**Task to carry out:**
Starting with the line that has "This bingo card" in the records below and stopping after the line that has "საქართველოს მოქალაქეებისთვის სპეციალური", output every line exactly and nothing else; skip pictures.

**Records provided:**

__________

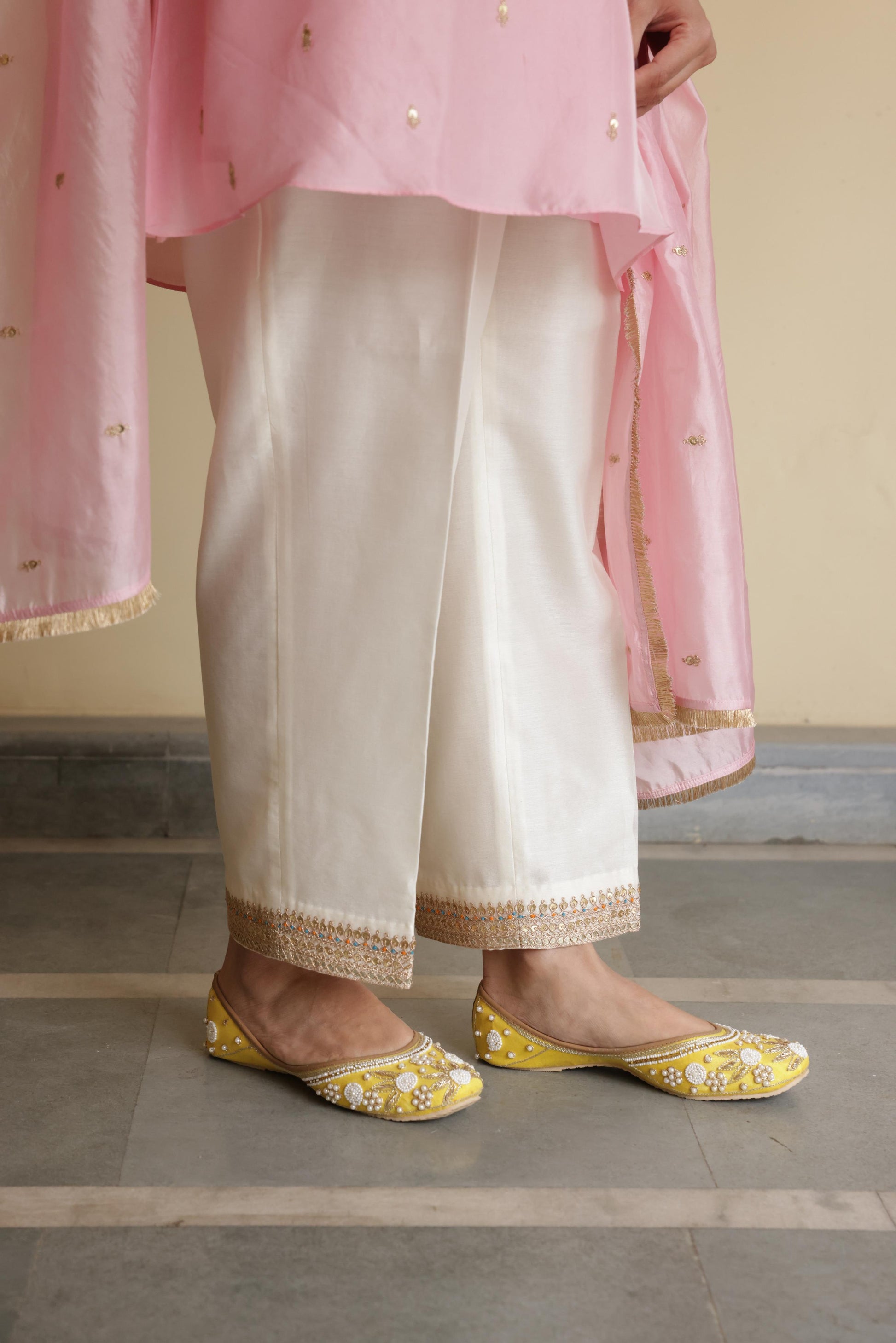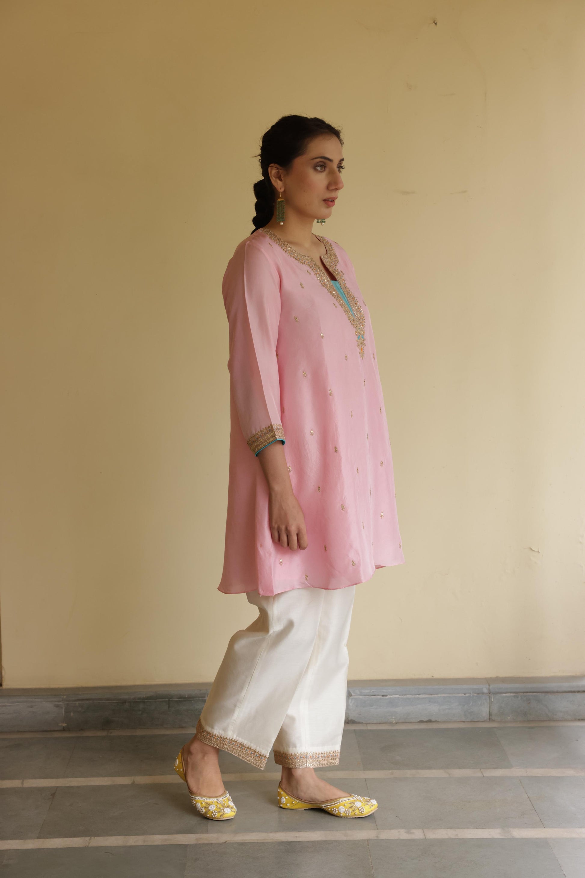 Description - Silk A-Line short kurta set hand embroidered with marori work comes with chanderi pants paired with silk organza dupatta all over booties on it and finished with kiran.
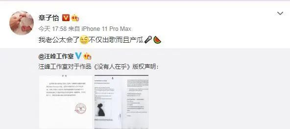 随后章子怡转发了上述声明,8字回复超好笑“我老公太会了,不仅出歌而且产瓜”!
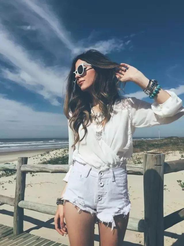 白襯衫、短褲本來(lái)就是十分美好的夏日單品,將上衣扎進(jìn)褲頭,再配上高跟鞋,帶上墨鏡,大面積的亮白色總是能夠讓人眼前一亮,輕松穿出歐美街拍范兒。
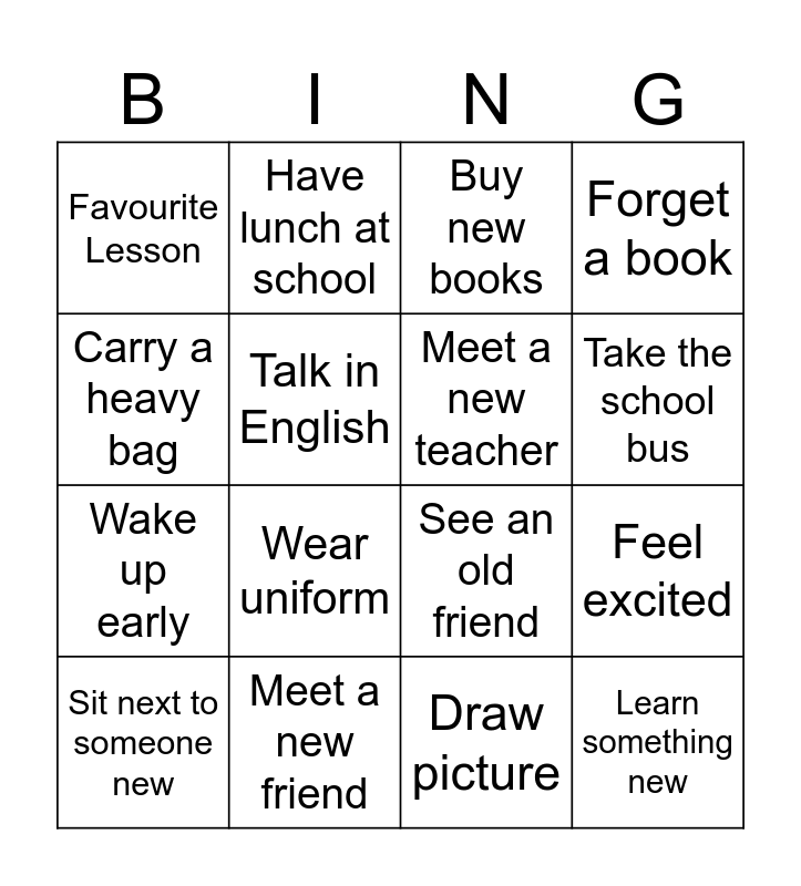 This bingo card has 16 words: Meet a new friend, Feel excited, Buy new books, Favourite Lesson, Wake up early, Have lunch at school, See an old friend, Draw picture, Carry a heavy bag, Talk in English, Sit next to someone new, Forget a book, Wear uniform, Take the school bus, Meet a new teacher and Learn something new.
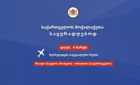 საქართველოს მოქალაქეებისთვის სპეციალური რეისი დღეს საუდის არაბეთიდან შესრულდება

__________

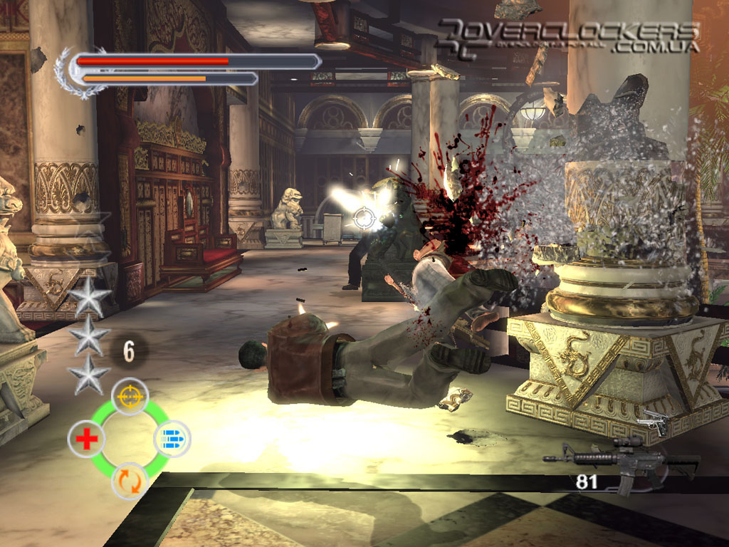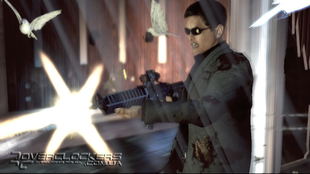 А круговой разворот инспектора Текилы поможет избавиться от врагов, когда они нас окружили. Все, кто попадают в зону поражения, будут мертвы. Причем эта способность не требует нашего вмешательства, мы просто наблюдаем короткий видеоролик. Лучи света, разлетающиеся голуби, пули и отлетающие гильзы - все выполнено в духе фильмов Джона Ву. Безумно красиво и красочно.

__________

**Result of the task:**
 This bingo card has 16 words: Meet a new friend, Feel excited, Buy new books, Favourite Lesson, Wake up early, Have lunch at school, See an old friend, Draw picture, Carry a heavy bag, Talk in English, Sit next to someone new, Forget a book, Wear uniform, Take the school bus, Meet a new teacher and Learn something new.
 საქართველოს მოქალაქეებისთვის სპეციალური რეისი დღეს საუდის არაბეთიდან შესრულდება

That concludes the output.